Material provided section start
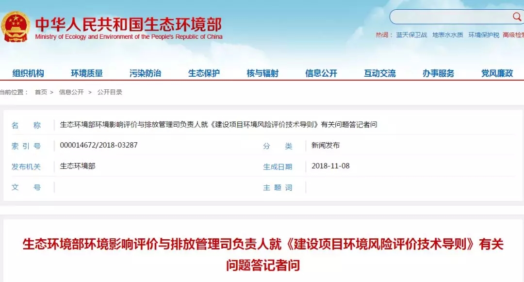 生態(tài)環(huán)境部日前印發(fā)了《建設(shè)項目環(huán)境風(fēng)險評價技術(shù)導(dǎo)則》(HJ169-2018)(以下簡稱《風(fēng)險導(dǎo)則》),生態(tài)環(huán)境部環(huán)境影響評價與排放管理司負(fù)責(zé)人就《風(fēng)險導(dǎo)則》修訂的背景、思路及內(nèi)容等有關(guān)問題回答了記者的提問。
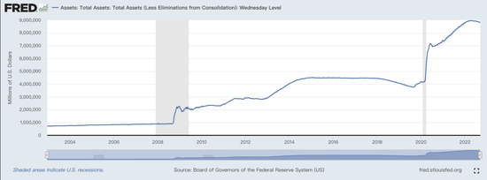 所谓规模不可同日而语是指OMOs涉及的准备金变动有限,而QE则使得联储准备金大幅度增加。联储资产规模由原来的9000亿美元增长到近9万亿美元;尽管已经开始缩表,时至2022年8月联储资产规模依然高达8.8万元美元(图1)。
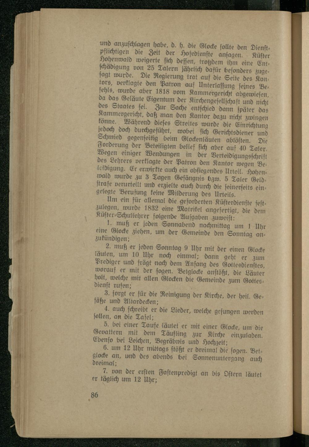 und anzuſchlagen habe, d. h. die Glocke ſollte den Dienſtpflichtigen die Zeit der Hofedienſte anſagen. Küſter Hohenwald weigerte ſich deſſen, trotzdem ihm eine Entſchädigung von 25 Talern jährlich dafür beſonders zugeſagt wurde. Die Regierung trat auf die Seite des Han: tors, verklagte den Patron auf Unterlaſſung feines Be: fehls, wurde aber 1818 vom Kammergericht abgewieſen, da das Geläute Eigentum der Kirchengeſellſchaft Und nicht des Staates ſei. Zur Sache entſchied dann ſpäter das Kammergericht, daß man den Kantor dazu nicht zwingen könne. Während dieſes Streites wurde die Einrichtung jedoch doch durchgeführt, wobei ſich Gerichtsdiener und Schmied gegenſeitig beim Glockenläuten ablöſten. Die Forderung der Beteiligten belief ſich aber auf 40 Taler. Wegen einiger Wendungen in der Verteidigungsſchrift des Lehrers verklagte der Patron den Kantor wegen Beleidigung. Er erwirkte auch ein obſiegendes Urteil. Hohenwald wurde zu 3 Tagen Gefängnis bzw. 5 Taler Geld— ſtrafe verurteilt und erzielte auch durch die ſeinerſeits eingelegte Berufung keine Milderung des Urteils.
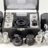 Two cases of brass and other microscope lenses and accessories.
Material provided section end
• [Exercise goal]
Every line of the listing should be copied precisely, with images omitted.

• [Response area]
 生態(tài)環(huán)境部日前印發(fā)了《建設(shè)項目環(huán)境風(fēng)險評價技術(shù)導(dǎo)則》(HJ169-2018)(以下簡稱《風(fēng)險導(dǎo)則》),生態(tài)環(huán)境部環(huán)境影響評價與排放管理司負(fù)責(zé)人就《風(fēng)險導(dǎo)則》修訂的背景、思路及內(nèi)容等有關(guān)問題回答了記者的提問。
 所谓规模不可同日而语是指OMOs涉及的准备金变动有限,而QE则使得联储准备金大幅度增加。联储资产规模由原来的9000亿美元增长到近9万亿美元;尽管已经开始缩表,时至2022年8月联储资产规模依然高达8.8万元美元(图1)。
 und anzuſchlagen habe, d. h. die Glocke ſollte den Dienſtpflichtigen die Zeit der Hofedienſte anſagen. Küſter Hohenwald weigerte ſich deſſen, trotzdem ihm eine Entſchädigung von 25 Talern jährlich dafür beſonders zugeſagt wurde. Die Regierung trat auf die Seite des Han: tors, verklagte den Patron auf Unterlaſſung feines Be: fehls, wurde aber 1818 vom Kammergericht abgewieſen, da das Geläute Eigentum der Kirchengeſellſchaft Und nicht des Staates ſei. Zur Sache entſchied dann ſpäter das Kammergericht, daß man den Kantor dazu nicht zwingen könne. Während dieſes Streites wurde die Einrichtung jedoch doch durchgeführt, wobei ſich Gerichtsdiener und Schmied gegenſeitig beim Glockenläuten ablöſten. Die Forderung der Beteiligten belief ſich aber auf 40 Taler. Wegen einiger Wendungen in der Verteidigungsſchrift des Lehrers verklagte der Patron den Kantor wegen Beleidigung. Er erwirkte auch ein obſiegendes Urteil. Hohenwald wurde zu 3 Tagen Gefängnis bzw. 5 Taler Geld— ſtrafe verurteilt und erzielte auch durch die ſeinerſeits eingelegte Berufung keine Milderung des Urteils.
 Two cases of brass and other microscope lenses and accessories.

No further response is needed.